#### About this task:
Leaving the pictures aside, restate all of the data exactly.

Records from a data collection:
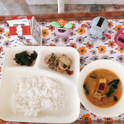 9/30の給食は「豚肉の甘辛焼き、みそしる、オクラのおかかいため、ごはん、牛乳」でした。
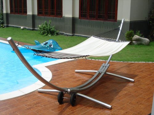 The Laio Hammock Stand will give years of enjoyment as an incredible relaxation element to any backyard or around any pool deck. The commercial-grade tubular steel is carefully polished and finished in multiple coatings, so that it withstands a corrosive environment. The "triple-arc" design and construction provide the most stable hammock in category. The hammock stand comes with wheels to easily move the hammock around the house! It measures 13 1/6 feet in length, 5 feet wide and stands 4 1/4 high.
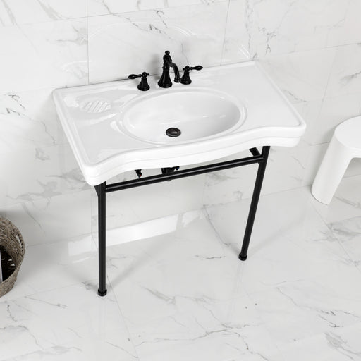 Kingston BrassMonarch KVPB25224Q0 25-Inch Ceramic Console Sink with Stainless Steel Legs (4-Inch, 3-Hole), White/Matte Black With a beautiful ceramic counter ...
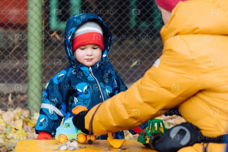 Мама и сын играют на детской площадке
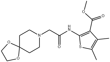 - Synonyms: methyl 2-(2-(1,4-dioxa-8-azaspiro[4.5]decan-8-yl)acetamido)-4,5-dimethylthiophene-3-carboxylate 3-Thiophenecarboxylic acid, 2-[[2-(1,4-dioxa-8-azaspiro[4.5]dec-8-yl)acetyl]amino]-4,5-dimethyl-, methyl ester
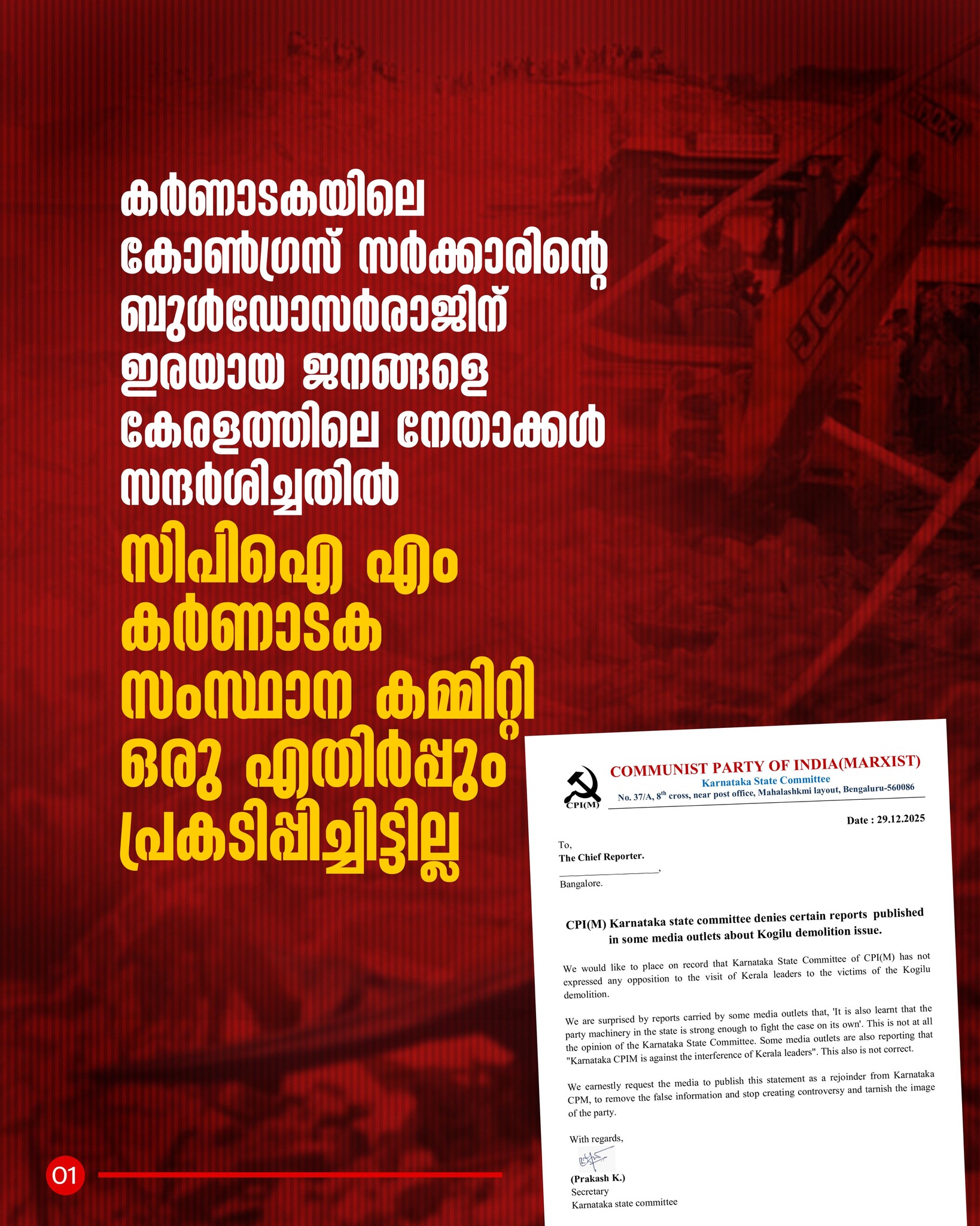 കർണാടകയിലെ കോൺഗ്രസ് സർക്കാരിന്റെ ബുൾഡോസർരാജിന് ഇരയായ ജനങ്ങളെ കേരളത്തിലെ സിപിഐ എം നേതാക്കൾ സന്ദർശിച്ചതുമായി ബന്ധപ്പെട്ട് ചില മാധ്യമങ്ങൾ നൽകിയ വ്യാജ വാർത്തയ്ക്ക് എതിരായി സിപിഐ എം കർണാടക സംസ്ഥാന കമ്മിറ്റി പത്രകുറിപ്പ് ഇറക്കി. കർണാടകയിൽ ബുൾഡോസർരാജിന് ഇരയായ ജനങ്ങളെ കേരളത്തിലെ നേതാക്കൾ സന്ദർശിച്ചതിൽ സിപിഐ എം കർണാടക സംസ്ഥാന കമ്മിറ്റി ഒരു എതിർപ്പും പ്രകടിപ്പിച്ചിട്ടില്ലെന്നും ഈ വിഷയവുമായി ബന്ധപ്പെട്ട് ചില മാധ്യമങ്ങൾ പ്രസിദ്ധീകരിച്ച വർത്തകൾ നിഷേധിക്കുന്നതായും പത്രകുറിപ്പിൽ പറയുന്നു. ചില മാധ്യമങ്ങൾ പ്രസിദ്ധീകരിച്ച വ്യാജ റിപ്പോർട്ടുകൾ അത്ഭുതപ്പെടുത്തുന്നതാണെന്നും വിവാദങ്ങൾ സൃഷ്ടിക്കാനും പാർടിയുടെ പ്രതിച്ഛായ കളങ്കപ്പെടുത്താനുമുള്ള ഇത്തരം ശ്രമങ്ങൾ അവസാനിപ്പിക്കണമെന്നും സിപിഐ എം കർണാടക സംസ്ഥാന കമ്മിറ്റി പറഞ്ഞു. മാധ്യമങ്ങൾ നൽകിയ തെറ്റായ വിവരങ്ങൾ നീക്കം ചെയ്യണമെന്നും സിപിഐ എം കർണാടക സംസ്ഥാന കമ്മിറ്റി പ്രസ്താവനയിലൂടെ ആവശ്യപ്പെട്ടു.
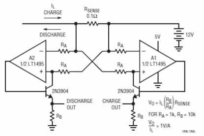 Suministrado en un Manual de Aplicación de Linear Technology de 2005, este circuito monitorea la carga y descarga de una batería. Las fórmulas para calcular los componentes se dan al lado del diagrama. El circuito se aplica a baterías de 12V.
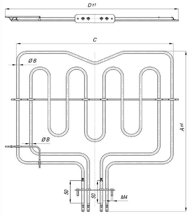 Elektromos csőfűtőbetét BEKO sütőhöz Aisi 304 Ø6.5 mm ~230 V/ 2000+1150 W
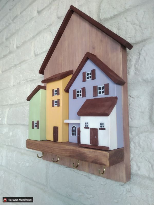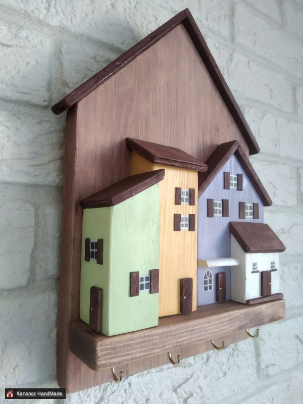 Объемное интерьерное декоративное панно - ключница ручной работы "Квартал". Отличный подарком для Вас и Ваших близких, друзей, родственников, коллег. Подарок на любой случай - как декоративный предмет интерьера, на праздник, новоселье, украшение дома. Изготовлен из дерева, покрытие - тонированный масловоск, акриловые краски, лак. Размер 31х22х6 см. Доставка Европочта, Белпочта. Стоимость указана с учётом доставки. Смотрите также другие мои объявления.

#### Output of the exercise:
 9/30の給食は「豚肉の甘辛焼き、みそしる、オクラのおかかいため、ごはん、牛乳」でした。
 The Laio Hammock Stand will give years of enjoyment as an incredible relaxation element to any backyard or around any pool deck. The commercial-grade tubular steel is carefully polished and finished in multiple coatings, so that it withstands a corrosive environment. The "triple-arc" design and construction provide the most stable hammock in category. The hammock stand comes with wheels to easily move the hammock around the house! It measures 13 1/6 feet in length, 5 feet wide and stands 4 1/4 high.
 Kingston BrassMonarch KVPB25224Q0 25-Inch Ceramic Console Sink with Stainless Steel Legs (4-Inch, 3-Hole), White/Matte Black With a beautiful ceramic counter ...
 Мама и сын играют на детской площадке
 - Synonyms: methyl 2-(2-(1,4-dioxa-8-azaspiro[4.5]decan-8-yl)acetamido)-4,5-dimethylthiophene-3-carboxylate 3-Thiophenecarboxylic acid, 2-[[2-(1,4-dioxa-8-azaspiro[4.5]dec-8-yl)acetyl]amino]-4,5-dimethyl-, methyl ester
 കർണാടകയിലെ കോൺഗ്രസ് സർക്കാരിന്റെ ബുൾഡോസർരാജിന് ഇരയായ ജനങ്ങളെ കേരളത്തിലെ സിപിഐ എം നേതാക്കൾ സന്ദർശിച്ചതുമായി ബന്ധപ്പെട്ട് ചില മാധ്യമങ്ങൾ നൽകിയ വ്യാജ വാർത്തയ്ക്ക് എതിരായി സിപിഐ എം കർണാടക സംസ്ഥാന കമ്മിറ്റി പത്രകുറിപ്പ് ഇറക്കി. കർണാടകയിൽ ബുൾഡോസർരാജിന് ഇരയായ ജനങ്ങളെ കേരളത്തിലെ നേതാക്കൾ സന്ദർശിച്ചതിൽ സിപിഐ എം കർണാടക സംസ്ഥാന കമ്മിറ്റി ഒരു എതിർപ്പും പ്രകടിപ്പിച്ചിട്ടില്ലെന്നും ഈ വിഷയവുമായി ബന്ധപ്പെട്ട് ചില മാധ്യമങ്ങൾ പ്രസിദ്ധീകരിച്ച വർത്തകൾ നിഷേധിക്കുന്നതായും പത്രകുറിപ്പിൽ പറയുന്നു. ചില മാധ്യമങ്ങൾ പ്രസിദ്ധീകരിച്ച വ്യാജ റിപ്പോർട്ടുകൾ അത്ഭുതപ്പെടുത്തുന്നതാണെന്നും വിവാദങ്ങൾ സൃഷ്ടിക്കാനും പാർടിയുടെ പ്രതിച്ഛായ കളങ്കപ്പെടുത്താനുമുള്ള ഇത്തരം ശ്രമങ്ങൾ അവസാനിപ്പിക്കണമെന്നും സിപിഐ എം കർണാടക സംസ്ഥാന കമ്മിറ്റി പറഞ്ഞു. മാധ്യമങ്ങൾ നൽകിയ തെറ്റായ വിവരങ്ങൾ നീക്കം ചെയ്യണമെന്നും സിപിഐ എം കർണാടക സംസ്ഥാന കമ്മിറ്റി പ്രസ്താവനയിലൂടെ ആവശ്യപ്പെട്ടു.
 Suministrado en un Manual de Aplicación de Linear Technology de 2005, este circuito monitorea la carga y descarga de una batería. Las fórmulas para calcular los componentes se dan al lado del diagrama. El circuito se aplica a baterías de 12V.
 Elektromos csőfűtőbetét BEKO sütőhöz Aisi 304 Ø6.5 mm ~230 V/ 2000+1150 W
 Объемное интерьерное декоративное панно - ключница ручной работы "Квартал". Отличный подарком для Вас и Ваших близких, друзей, родственников, коллег. Подарок на любой случай - как декоративный предмет интерьера, на праздник, новоселье, украшение дома. Изготовлен из дерева, покрытие - тонированный масловоск, акриловые краски, лак. Размер 31х22х6 см. Доставка Европочта, Белпочта. Стоимость указана с учётом доставки. Смотрите также другие мои объявления.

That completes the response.